**Your goal**
Give the lines again exactly as they appear below, from the line with "2月11日,雄安一农业园的智能玻璃温室内,游客正在采摘西红柿。" to the line with "Wrapped Canvas Painting", both included, and only those lines. Leave every picture out.
[Entries provided — start]
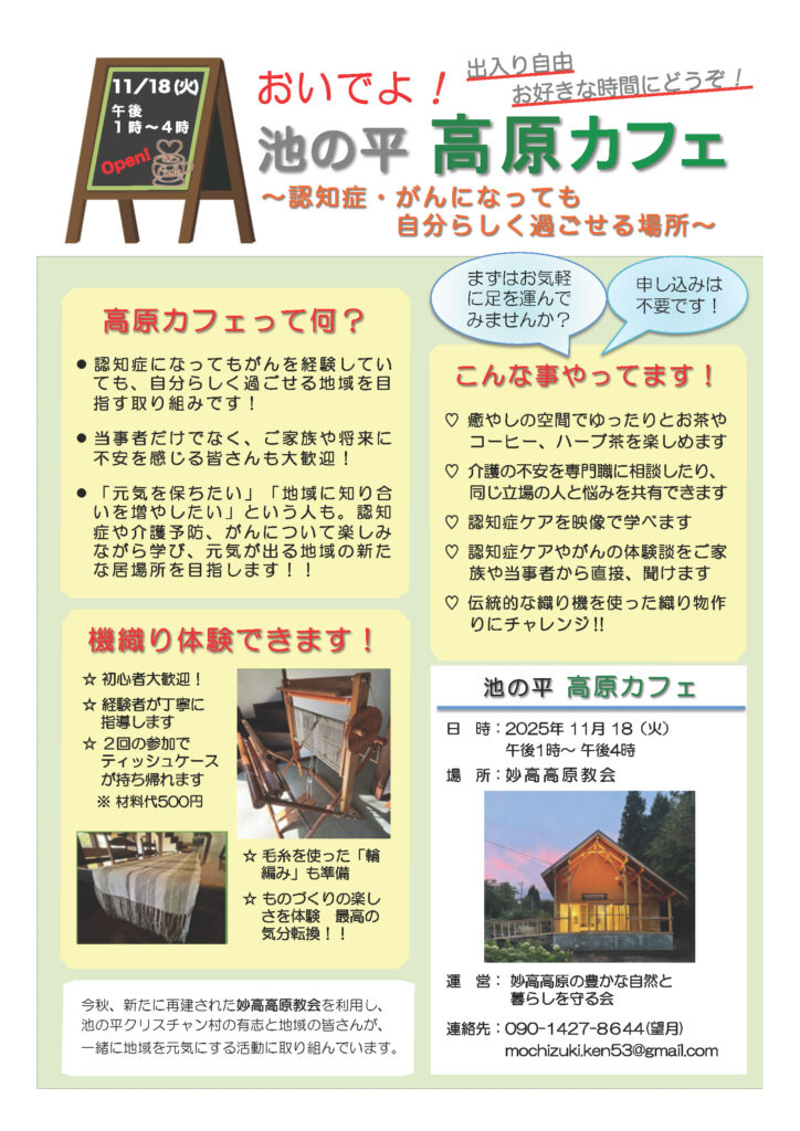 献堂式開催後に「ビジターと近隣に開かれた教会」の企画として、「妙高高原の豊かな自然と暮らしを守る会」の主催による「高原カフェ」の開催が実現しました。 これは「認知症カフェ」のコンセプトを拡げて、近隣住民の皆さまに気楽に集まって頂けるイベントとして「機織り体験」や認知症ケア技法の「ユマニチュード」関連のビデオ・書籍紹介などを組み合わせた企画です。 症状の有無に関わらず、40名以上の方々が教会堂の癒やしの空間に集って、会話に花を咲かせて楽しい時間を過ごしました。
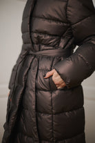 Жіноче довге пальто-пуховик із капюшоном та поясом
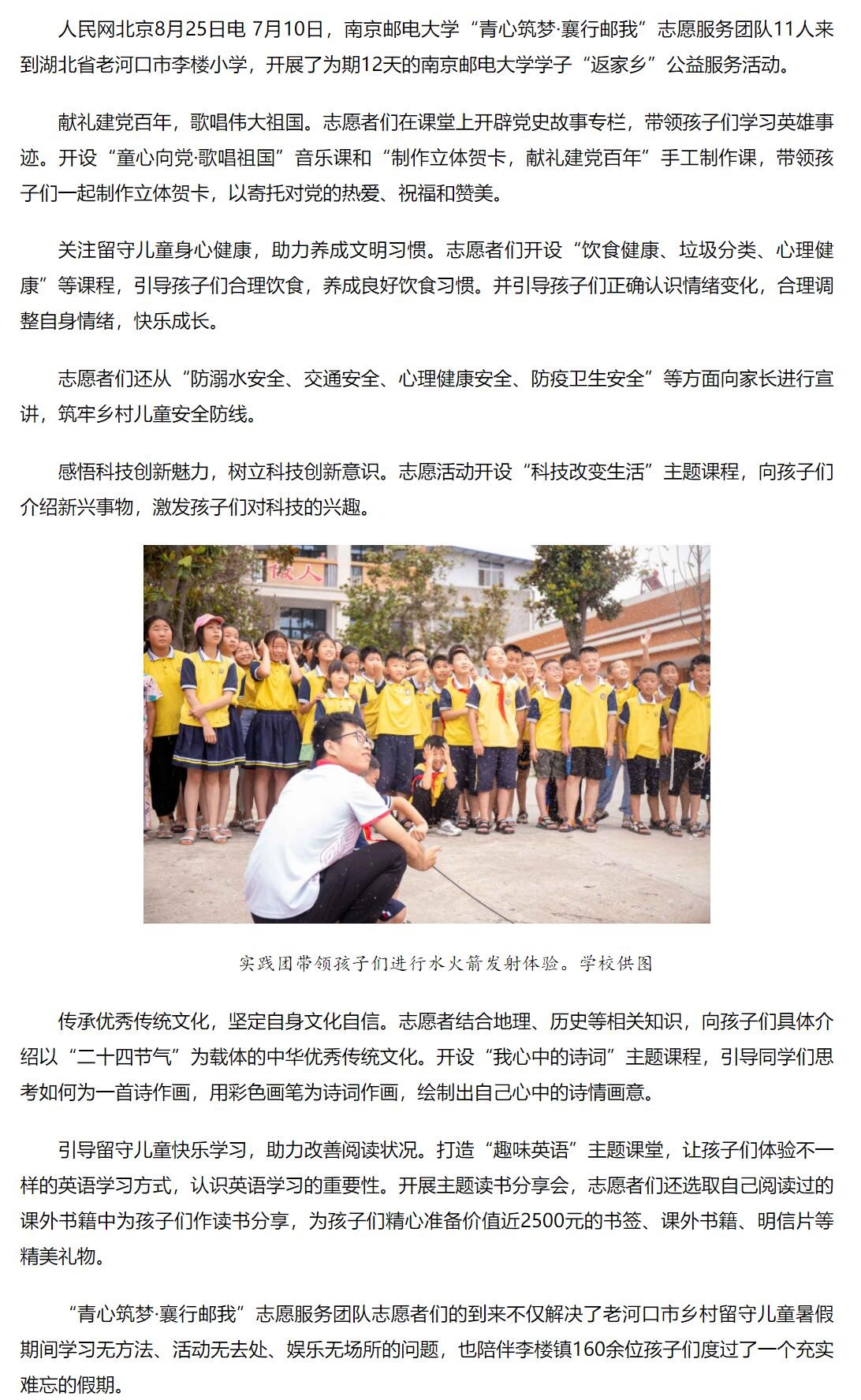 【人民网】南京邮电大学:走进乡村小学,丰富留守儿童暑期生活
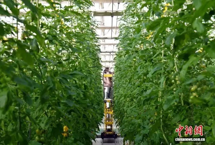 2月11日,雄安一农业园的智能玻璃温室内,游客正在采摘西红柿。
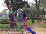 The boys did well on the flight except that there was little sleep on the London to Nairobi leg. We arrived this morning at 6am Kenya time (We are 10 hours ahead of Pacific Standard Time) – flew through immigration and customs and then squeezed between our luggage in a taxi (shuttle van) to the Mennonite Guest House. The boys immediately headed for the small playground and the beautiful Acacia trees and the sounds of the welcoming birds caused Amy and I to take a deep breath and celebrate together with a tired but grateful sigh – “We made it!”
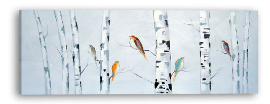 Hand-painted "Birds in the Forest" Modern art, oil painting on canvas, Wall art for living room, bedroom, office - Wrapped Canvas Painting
[Entries provided — finish]
[Entries provided — start]
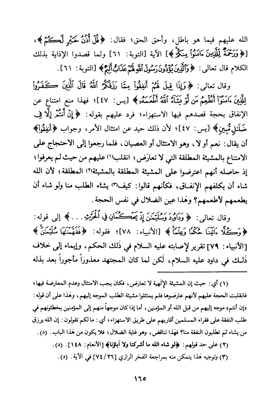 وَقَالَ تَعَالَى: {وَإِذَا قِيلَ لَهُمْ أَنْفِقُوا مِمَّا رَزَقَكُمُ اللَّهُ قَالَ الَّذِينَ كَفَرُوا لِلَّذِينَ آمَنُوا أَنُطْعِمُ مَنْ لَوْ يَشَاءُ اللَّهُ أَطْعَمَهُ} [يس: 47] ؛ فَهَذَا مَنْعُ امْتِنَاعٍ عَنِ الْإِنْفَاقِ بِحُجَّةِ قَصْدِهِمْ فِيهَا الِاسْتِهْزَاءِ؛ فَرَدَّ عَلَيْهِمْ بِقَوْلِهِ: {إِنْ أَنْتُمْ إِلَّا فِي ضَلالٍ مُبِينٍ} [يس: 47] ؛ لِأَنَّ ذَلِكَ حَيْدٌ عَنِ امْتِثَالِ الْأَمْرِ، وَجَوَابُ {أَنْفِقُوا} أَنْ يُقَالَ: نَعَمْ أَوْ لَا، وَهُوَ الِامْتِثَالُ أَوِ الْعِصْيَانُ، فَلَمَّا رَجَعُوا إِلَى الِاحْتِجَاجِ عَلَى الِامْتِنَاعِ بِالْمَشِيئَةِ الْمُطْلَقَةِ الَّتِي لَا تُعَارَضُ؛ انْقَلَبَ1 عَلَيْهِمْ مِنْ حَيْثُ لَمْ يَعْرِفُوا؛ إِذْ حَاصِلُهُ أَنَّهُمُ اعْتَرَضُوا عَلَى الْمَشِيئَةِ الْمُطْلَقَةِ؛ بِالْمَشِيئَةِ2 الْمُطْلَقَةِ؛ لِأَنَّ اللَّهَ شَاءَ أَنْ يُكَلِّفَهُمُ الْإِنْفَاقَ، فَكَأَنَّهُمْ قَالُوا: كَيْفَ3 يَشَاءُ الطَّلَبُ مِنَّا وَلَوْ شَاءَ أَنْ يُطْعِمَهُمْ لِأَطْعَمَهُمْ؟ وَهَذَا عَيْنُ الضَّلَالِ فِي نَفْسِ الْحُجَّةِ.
[Entries provided — finish]
**Response to this exercise**
 2月11日,雄安一农业园的智能玻璃温室内,游客正在采摘西红柿。
 The boys did well on the flight except that there was little sleep on the London to Nairobi leg. We arrived this morning at 6am Kenya time (We are 10 hours ahead of Pacific Standard Time) – flew through immigration and customs and then squeezed between our luggage in a taxi (shuttle van) to the Mennonite Guest House. The boys immediately headed for the small playground and the beautiful Acacia trees and the sounds of the welcoming birds caused Amy and I to take a deep breath and celebrate together with a tired but grateful sigh – “We made it!”
 Hand-painted "Birds in the Forest" Modern art, oil painting on canvas, Wall art for living room, bedroom, office - Wrapped Canvas Painting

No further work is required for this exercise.